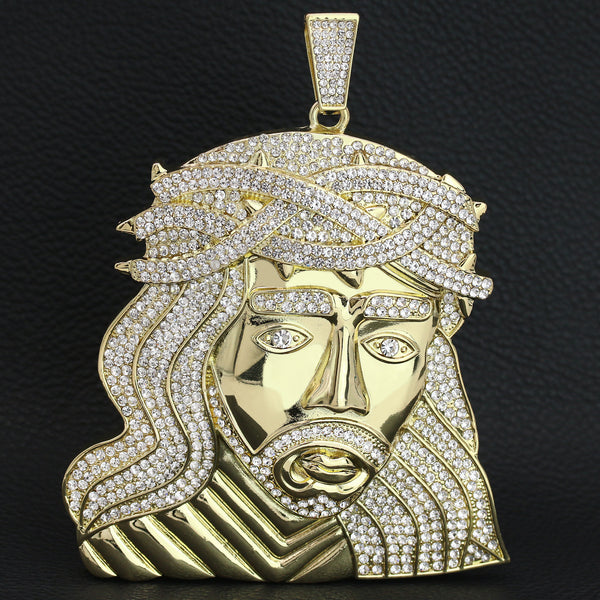 Command attention with the XXL Crown Jesus Wide Face Iced Pendant & 14mm Cuban Chain – a bold symbol of faith, power, and style. This stunning 4" x 4" pendant...
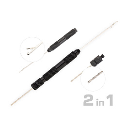 Praktická rybářská jehla a vrták 2v1, určená pro snadnou přípravu a nastražení nástrah, jako jsou boilies, pelety nebo partikl. Sada obsahuje jehlu s háčkem pro provlečení vlasového přívěsu skrz nástrahu a malý vrtáček pro předvrtání tvrdších nástrah. Díky tomu lze nástrahu připravit rychle, přesně a bez jejího poškození.Ergonomická kovová rukojeť s protiskluzovou úpravou zajišťuje pevný úchop i při práci mokrýma rukama. Hlavní výhody: ideální pro nastražení boilies, pelet nebo tygřího ořechu pevný vrtáček pro tvrdé nástrahy kovová konstrukce s dlouhou životností protiskluzová rukojeť pro pohodlné použití kompaktní velikost
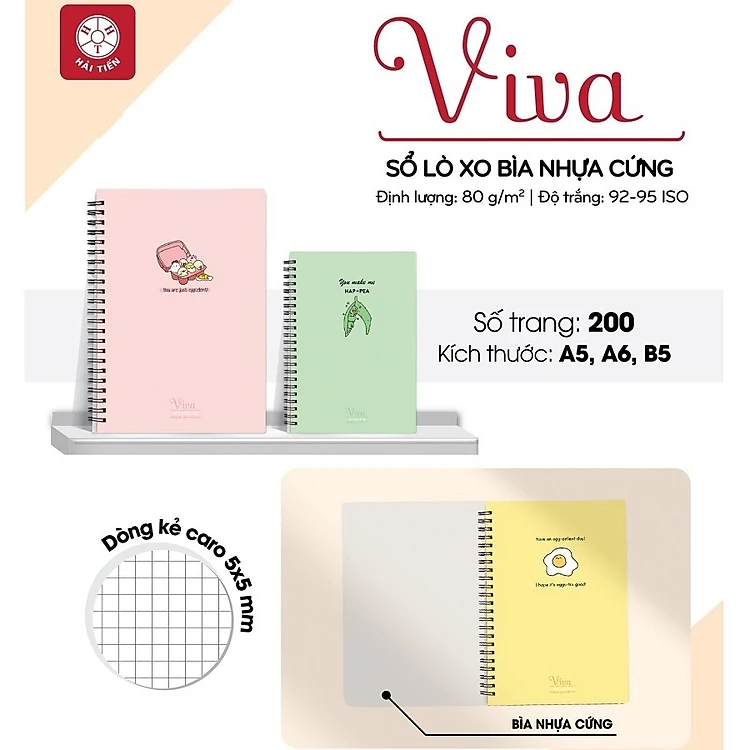 Set 5 quyển sổ lò xo caro bìa nhựa VIVA làm bujo, luyện chữ Calligraphy Hải Tiến 6539 / 6522 / 6546
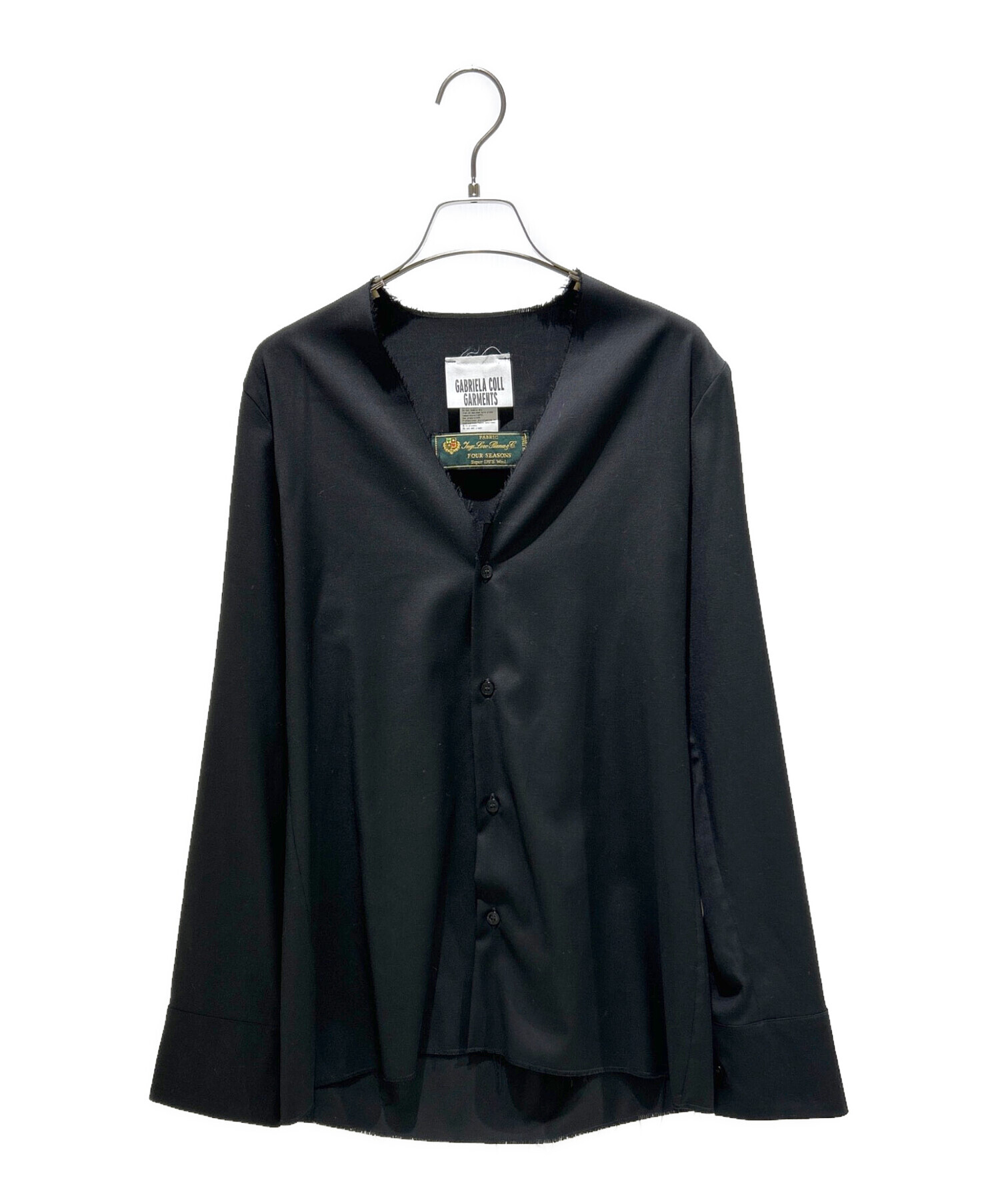 | スタッフコメント | 落ち着いたブラックカラーと美しいシルエット、切りっぱなしのような襟元のデザインが特徴のGabriela Coll GarmentsのVネックノーカラーシャツでございます。カジュアルさとフォールさを持つデザインで、ビジネスからカジュアルまで幅広く活躍いたします。 |
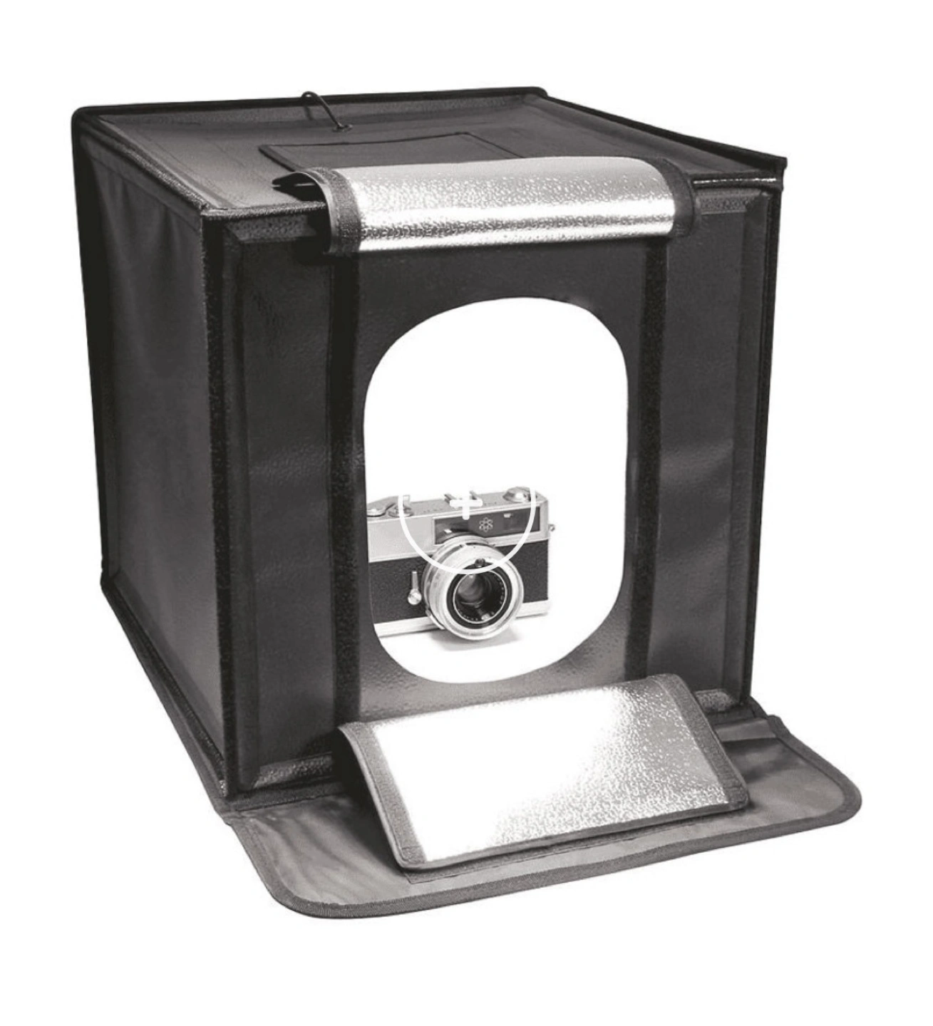 Portable photo light box to take photos of products. Perfect for taking photos of small items. Includes white backdrop, light, and silver reflector and a black pouch.
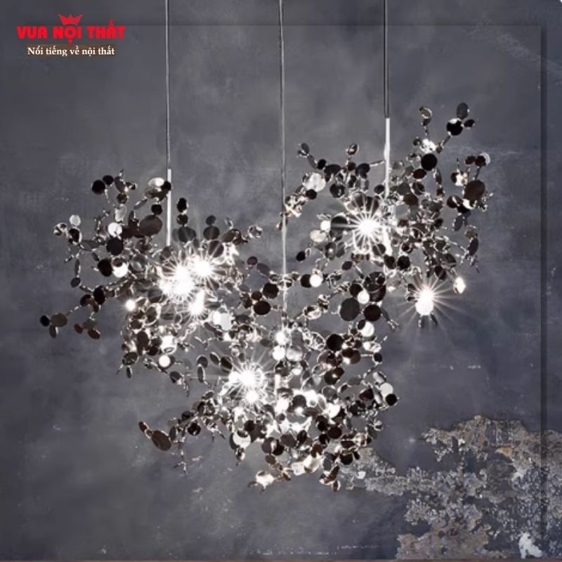 - Thiết kế chùm thả nghệ thuật: Kiểu dáng lấy cảm hứng từ các nhánh hoa kim loại tròn, sắp xếp đa hướng tạo hiệu ứng mềm mại, giúp không gian trở nên sinh động, có chiều sâu và thu hút ánh nhìn ngay từ lần đầu tiên.
○ ○ ○ ○
## The task
Print nothing except the lines above from the one containing "Praktická rybářská jehla" down to the one containing "Portable photo light", both included, exactly as written and free of pictures.

## Output of the task
 Praktická rybářská jehla a vrták 2v1, určená pro snadnou přípravu a nastražení nástrah, jako jsou boilies, pelety nebo partikl. Sada obsahuje jehlu s háčkem pro provlečení vlasového přívěsu skrz nástrahu a malý vrtáček pro předvrtání tvrdších nástrah. Díky tomu lze nástrahu připravit rychle, přesně a bez jejího poškození.Ergonomická kovová rukojeť s protiskluzovou úpravou zajišťuje pevný úchop i při práci mokrýma rukama. Hlavní výhody: ideální pro nastražení boilies, pelet nebo tygřího ořechu pevný vrtáček pro tvrdé nástrahy kovová konstrukce s dlouhou životností protiskluzová rukojeť pro pohodlné použití kompaktní velikost
 Set 5 quyển sổ lò xo caro bìa nhựa VIVA làm bujo, luyện chữ Calligraphy Hải Tiến 6539 / 6522 / 6546
 | スタッフコメント | 落ち着いたブラックカラーと美しいシルエット、切りっぱなしのような襟元のデザインが特徴のGabriela Coll GarmentsのVネックノーカラーシャツでございます。カジュアルさとフォールさを持つデザインで、ビジネスからカジュアルまで幅広く活躍いたします。 |
 Portable photo light box to take photos of products. Perfect for taking photos of small items. Includes white backdrop, light, and silver reflector and a black pouch.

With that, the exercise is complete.